La principale solution pour moduler les propriétés mécaniques de la soie réside dans sa mise en forme. Les structures à base de soie développées pour l’ingénierie tissulaire du ligament sont particulièrement nombreuses et se présentent en général sous différents agencements textiles qui seront décrits plus en détails dans la section suivante (cf. § I.2.2.2). Il existe actuellement des matrices de régénération obtenues à partir de procédés de tricotage, tressage, torsadage ou de combinaison de plusieurs d’entre eux [129-133]. Deux groupes dirigés par Kaplan (Medford - Etats-Unis) et Goh (Singapour) sont aujourd’hui particulièrement impliqués dans de tels projets avec des approches respectives consistant à développer des cordes de soie par torsadage [18, 134-138] et à associer des structures de soie tricotées avec divers coating microporeux (fibroïne ou collagène) [139-143]. Les différents travaux effectués ont montré que les structures de soie possèdent une excellente biocompatibilité et permettent de favoriser la colonisation cellulaire (Figure I–19) avec des indices de différenciation fibroblastique lors de l’utilisation de cellules souches. Ils ont également prouvé qu’il était possible de moduler l’élasticité de la matrice (module d’Young, limite d’élasticité) en fonction de la structure textile choisie [122, 123] et de fabriquer des structures pouvant tolérer des sollicitations cycliques répétées.

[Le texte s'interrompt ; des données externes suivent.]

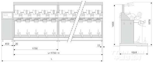 倍捻機(jī)的前道設(shè)備,把不同的規(guī)格的原料筒子并合成可在倍捻機(jī)上加工的平行筒子,并合提供氨綸絲與其他紗線的并合功能。
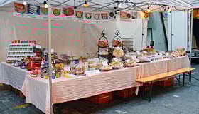 An unserem Marktstand in Bern verkaufen wir samstags neben «Patisserie Artisanale» wie Baklawa, Tarte de la crème oder Gazellenhörner auch Dattel-, Orangen- und Zitronenkuchen aus hauseigener Produktion. Unser Stand findet sich in der Münstergasse auf der linken Seite.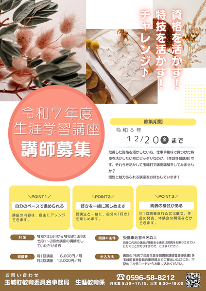 取得した資格を活かしたい方、仕事や趣味で見つけた特技を活かしたい方など、ぜひ玉城町の生涯学習講座の講師にお申込みください。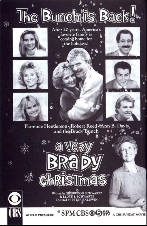Aside from the original show itself, which ran on ABC from 1969 to 1974 (and which continues to generate millions for everyone involved except the actors who actually brought the series to life), there have been more iterations of its core format than just about any other sitcom in American TV history (Star Trek, in the sci-fi genre, probably beats it), from failed backdoor pilots and an animated series, to a variety series, TV movies, a spin-off sitcom, a dramatic spin-off, big screen parodies, books, records, theatrical spoofs and musicals, and of course, a Christmas TV movie reunion: 1988’s A Very Brady Christmas.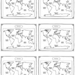 Najprostszy sposób: wydruk strony, dziecko koloruje wybraną mapę kredkami, wycina po obwodzie i wkleja klejem na pierwszą stronę nowego rozdziału. Drugi sposób: wklejenie tej samej mapy kilka razy w różnych miejscach w zeszycie — dziecko za każdym razem zaznacza inny element (kontynent, ocean, miejsce z lekcji o pogodzie, kraj zamieszkania kolegi z klasy). Trzeci wariant — wklejenie pustej mapy bez podpisów i samodzielne dopisywanie angielskich nazw przy okazji każdej lekcji.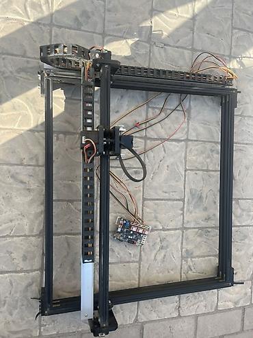 Габариты рамы по внешнему контуру — около формата А3–А2; полезная зона зависит от натяжения ремней и ограничителей по осям. Отлично подходит для самостоятельной сборки/настройки и модернизации: можно установить более мощный диод, добавить датчики, корпус, систему дымоудаления.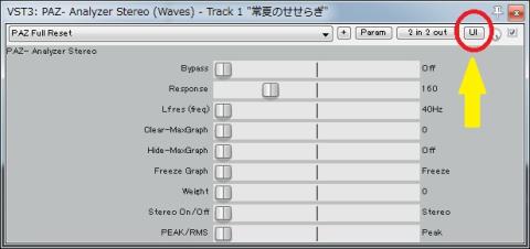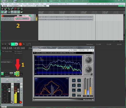 「FX :Track1」を×をクリックして白いFXのWINDOWSを消します すると下画面に為りますので①をマウスでクリックしてPAZ ANALYZER STEREOを選択、PAZ の設定画面が出るので触らないで右上のUIボタンをクリックするとPAZ画面が出ます この時PAZ画面の左下の位相画面が静止しているときは下画面②で「STEREO」にしますと位相表示もされます。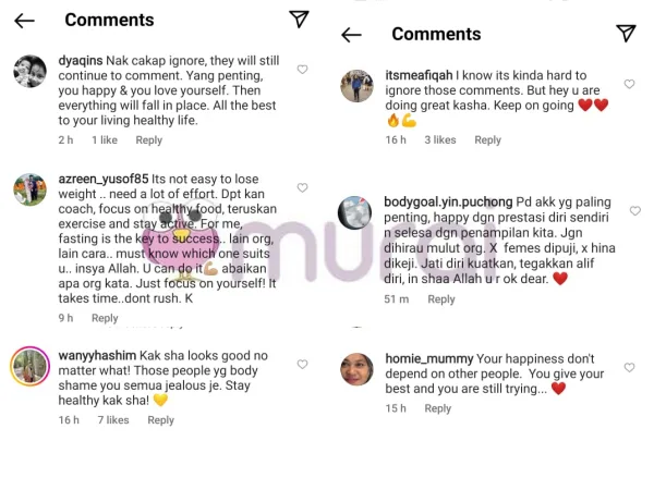 “Pada akak yang paling penting, gembira dengan prestasi diri sendiri dan selesa dengan penampilan kita.. Jangan hiraukan mulut orang” komen netizen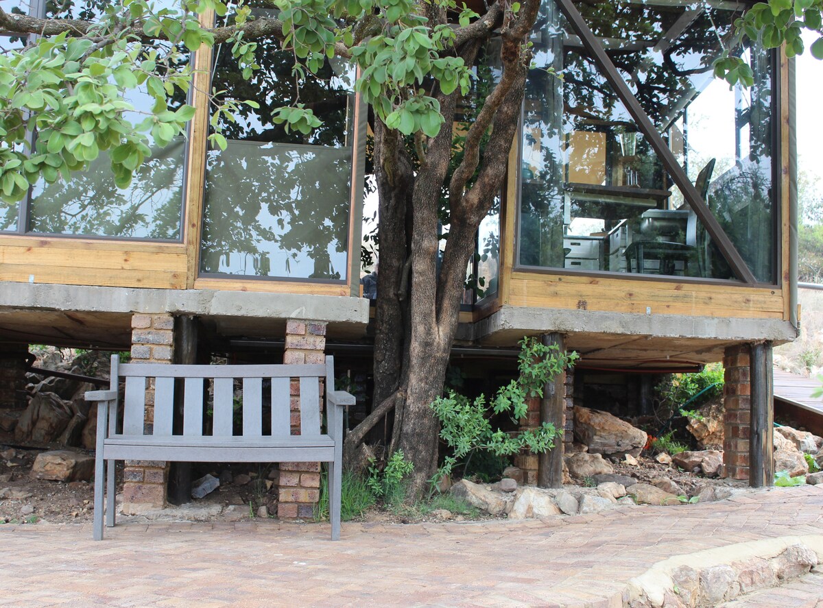 Birdsong est une maison privée, indépendante et alimentée par l'énergie solaire dans une réserve naturelle jouxtant le parc national Kruger. Détendez-vous dans le salon extérieur du rez-de-chaussée avec piscine chauffée pendant que les zèbres, les koudous et bien d'autres s'arrêtent pour vous rendre visite. Admirez le coucher de soleil depuis le hamac sur le patio supérieur. Faites de l'exercice dans l'espace gymnastique. Et si vous ne pouvez tout simplement pas vous éloigner du travail, il y a une grande table à l'étage avec un bel arrière-plan vidéo ! Birdsong est à seulement 15 minutes de la porte du pont des crocodiles de Kruger.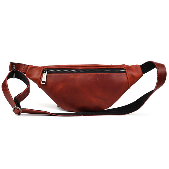 Бананка среднеразмерная, полностью кожаная с кожаным двухкомпонентным ремнем и металлическим галантерейным фастексом.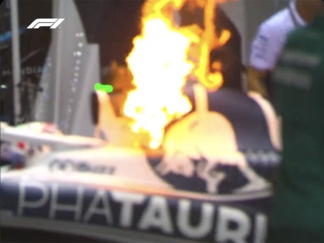 En el momento en que sus mecánicos conectaron el respiradero del combustible, aparecieron las llamas. Uno de ellos agarró un extinguidor para rosear sobre la superficie, momento en que el piloto salía del monoplaza.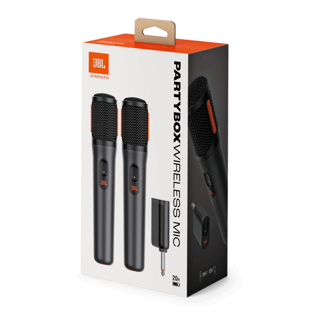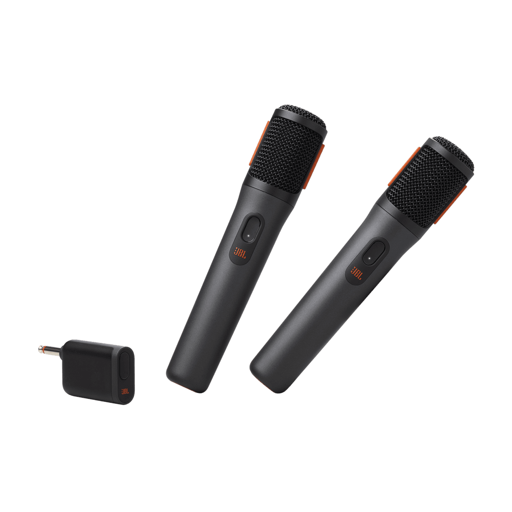 Amplify the moment with the JBL Wireless Microphones. These microphones deliver JBL Original Pro Sound vocal clarity and incredible detail. Simply plug the dual channel wireless receiver into your speaker, power on the mics, and you’re ready to go. Easy setup, no fuss. AA batteries will keep you singing up to 6 hours.

Malgré cela, l’inadéquation des propriétés mécaniques et le stress shielding restent les risques principaux liés à l’utilisation de la soie dans les matrices ligamentaires. La biocompatibilité de la soie, sa production peu coûteuse et à grande échelle et sa cinétique de dégradation permettant la conservation de son intégrité mécanique sur des durées relativement importantes font qu’elle reste tout de même l’un des matériaux les plus prometteurs dans le cadre de l’ingénierie tissulaire du ligament.

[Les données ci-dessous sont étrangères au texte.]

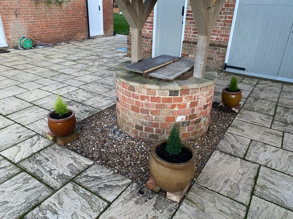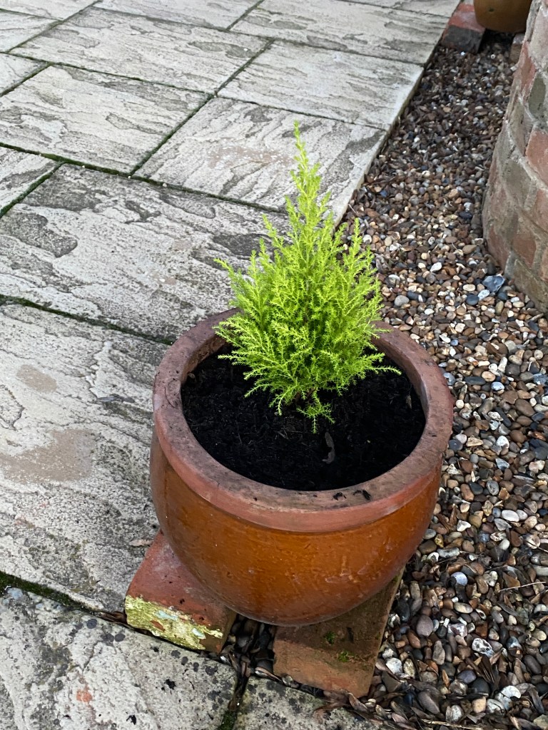 Now all the geraniums have been lifted for the winter and most of the spring planting has been done. These four pots were left with nothing in them. A few small conifers will stop them. from looking neglected over the next few months.

Figure I–19 : Cellules souches sur une matrice en soie tricotée observées en MCF [143]

On peut citer la présence d’autres produits naturels et notamment de polysaccharides et de protéines dans la composition de certaines matrices ligamentaires. Cette utilisation relativement restreinte est essentiellement destinée à améliorer la biocompatibilité et à favoriser l’adhésion cellulaire sur des matrices d’une nature chimique différente. On trouve par exemple du chitosane incorporé dans des membranes de PCL afin de favoriser la prolifération et l’adoption du phénotype souhaité (expression de collagènes de type I et III) de fibroblastes de LCA [144, 145]. Des matrices fibreuses ont également été développées à partir de tels produits naturels comme la cellulose [146] ou l’acide hyaluronique éventuellement associé au chitosane ou à l’alginate [147-150]. Ces exemples restent relativement rares et si les matrices présentées favorisent effectivement la prolifération cellulaire, elles ne sont généralement pas pourvues de propriétés mécaniques suffisantes [151].